Все женщины бережно хранят в себе огонь, потому что, если они не будут его хранить, они останутся в холоде, в одиночестве, обреченные зависеть от погодных условий, от соображений практичности, от «такой уж природы вещей», обреченные улаживать, понимать, соглашаться, видеть иначе, и видеть как полагается, и видеть как угодно, но не так, как они видят на самом деле.

И, услышав крик мальчика, этот высокий, режущий звук, она из-под закрытых век увидела пламя. Оно задрожало в невидимом воздухе, тут же вспыхнуло и ослабло, застыло и с грохотом ударило ее в грудь, глубоко в живот, подожгло изнутри.

Быыыыыгрррррро грррррррать, прохрипела она, полусонная, пьяная от сна. Пыталась что-то сказать – видимо, «быстро спать», но вместо слов вышло только рычание и повизгивание, похожее на звуки, которые она давно, в детстве, слышала от бабушкиной собаки, когда та вымаливала остатки обеда у двери. Ей никогда не нравилась эта собака. Во-первых, из-за ледяных голубых глаз, глаз нежити, а во-вторых, из-за этих звуков, почти человеческих. И теперь те же самые звуки издавал ее собственный рот. Все эти мысли и звуки разбудили ее внезапнее, чем ей бы хотелось. – Тихо! – сказала она ребенку, лежавшему рядом с неподвижной массой тела мужа, ребенку, который крутился и лягался, и его крики перерастали в вопли. – Тихо. Тихо. Тихо! – пролаяла она, перевернувшись набок и глядя на мальчика. – Где его чертова пустышка? – зло крикнула она мужу, потом отвернулась от обоих и заткнула пальцем ухо. Мальчик плакал и плакал, а муж спал и спал. Огонь разгорался сильнее, больно обжигал, угрожал поглотить ее целиком, и тогда она с воем откинула простыни, потянулась к лампе на прикроватном столике, в спешке свалила ее на пол, застонала от ярости, выбралась из постели, нашла другую лампу, повернула выключатель и увидела, что муж сидит в кровати и держит на руках мальчика с соской во рту.

В ее волосах, длинных, растрепанных, застряли обрывки листьев, крошки крекеров или хлеба, какой-то непонятный белый пух. Она тяжело дышала ртом. Капли крови отметили ее путь от кровати, крошечные осколки лампы впились в нежную кожу ног, но она этого не замечала, а может быть, ей было все равно. Она прищурилась и втянула воздух. Вновь завалилась на свою сторону кровати, закуталась в одеяло и, не предложив помощи, не протянув руки, вообще не отреагировав, погрузилась в тяжелый сон.
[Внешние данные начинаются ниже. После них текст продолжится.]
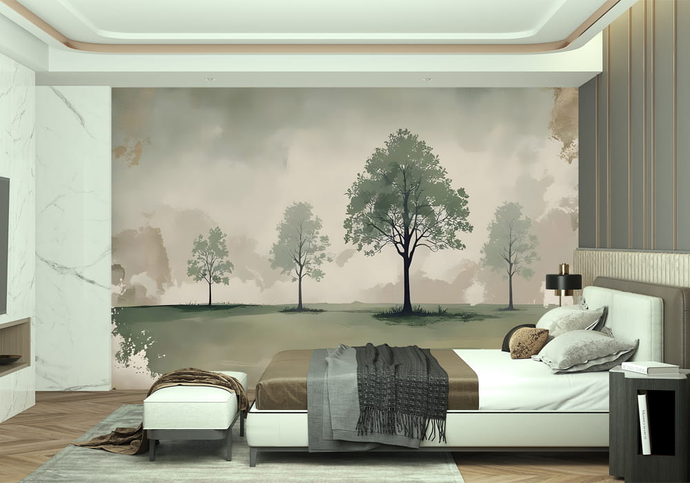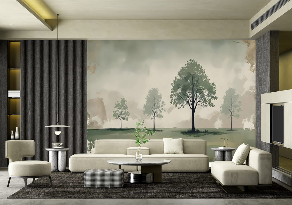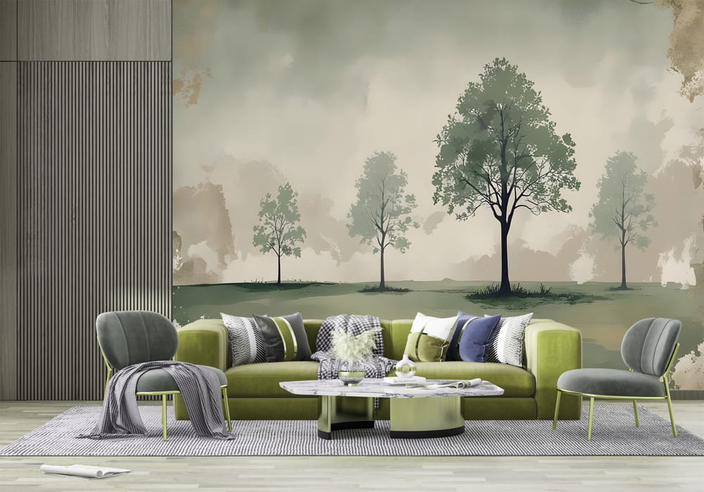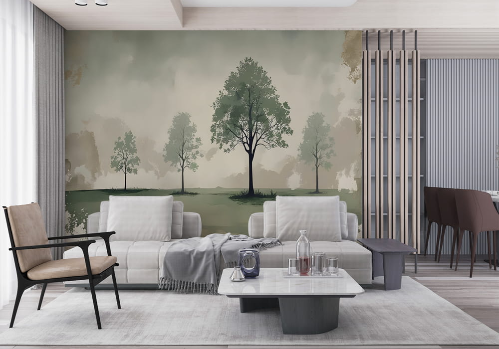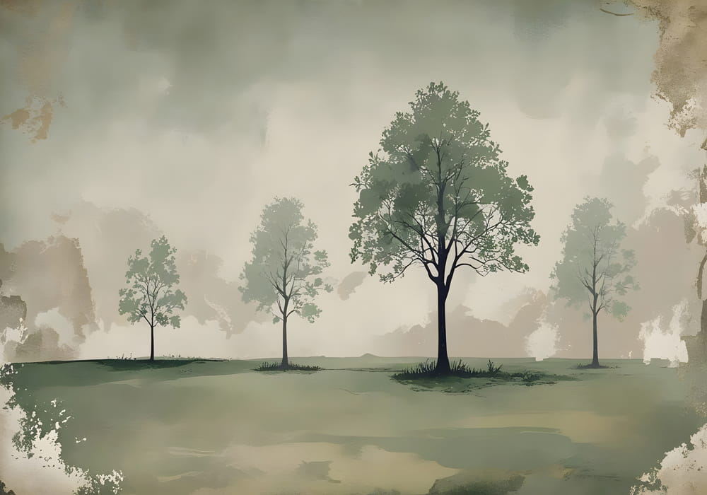 Vintage Landscape with Trees - AI Art Wall Mural for Contemporary Interiors

Утром она стояла, растрепанная, в грязной кухне и пила кофе. Окровавленные простыни крутились в стиральной машинке, ее ноги были вымыты и забинтованы. Мальчик играл в гостиной со своими паровозами, воркуя, лепеча и смеясь. Муж, такой жизнерадостный, мазал маслом кусочек подгоревшего тоста.

Ночью ты была… Он помолчал, задумавшись, потом договорил: – Такой сучкой!

Он рассмеялся, желая показать, что не хотел сказать ей гадость, просто констатировал факт.

Это я и есть, ответила она, не задумываясь, – ночная сучка.

И они оба засмеялись – а что еще им оставалось делать? Ее злость, суровость и безразличие ночью удивили даже ее саму. Ей хотелось думать, что ночью она была совсем другим человеком, но она уже понимала жуткую правду – Ночная Сучка была всегда, даже не особенно пряталась.

Никто не мог бы ожидать подобного; до этого момента она была образцовой матерью, теплой, жертвенной, не злой, не ворчливой, не утомляемой выматывающими ночами без сна, нянчащей, качающей и баюкающей малыша, пока ее муж спал и храпел во сне или – как это было чаще всего – вообще не ночевал дома.

Он работал. Делал деньги. Он уезжал по работе, говорил «Пока» и «Люблю тебя», целовал ее на прощание, махал рукой, подмигивал. Она стояла с ребенком на руках и смотрела, как исчезает его машина.

У нее была степень бакалавра в престижном университете, куда престижнее того, что закончил он. У нее было две степени магистра, у него – ни одной. Но ребенок был на ней.

Не то чтобы она с ним соревновалась, да нет, конечно же, правда? Нет, ни в коем случае. Она никогда не рассматривала мужа как конкурента, но она винила себя, что выбрала такую непрактичную специальность, как изобразительное искусство. Какой же она была сумасшедшей! Да, она любила искусство, но ведь оно не помогло бы ей построить карьеру и заработать большие деньги, как бы сильно она его ни любила, какой бы талантливой ни была.

Она постаралась затолкать поглубже на задворки сознания мысль о том, что до ребенка у нее была работа мечты – управление галереей, привлечение художников, работа, которая, по ее мнению, могла расширить коллективное художественное сознание их небольшого городка на Среднем Западе. Она проводила лекции, работала со школьными и студенческими проектами, погружалась в мир искусства, занималась тем, во что она верила и, более того, получала деньги, занимаясь такой редкой, необыкновенной работой. Конечно, нагрузки не были соизмеримы с оплатой, но она была благодарна и за это, понимаете? Благодарна уже за саму возможность иметь работу, связанную с миром искусства. Ее сокурсники готовы были убить за такую должность, а ей она легко досталась.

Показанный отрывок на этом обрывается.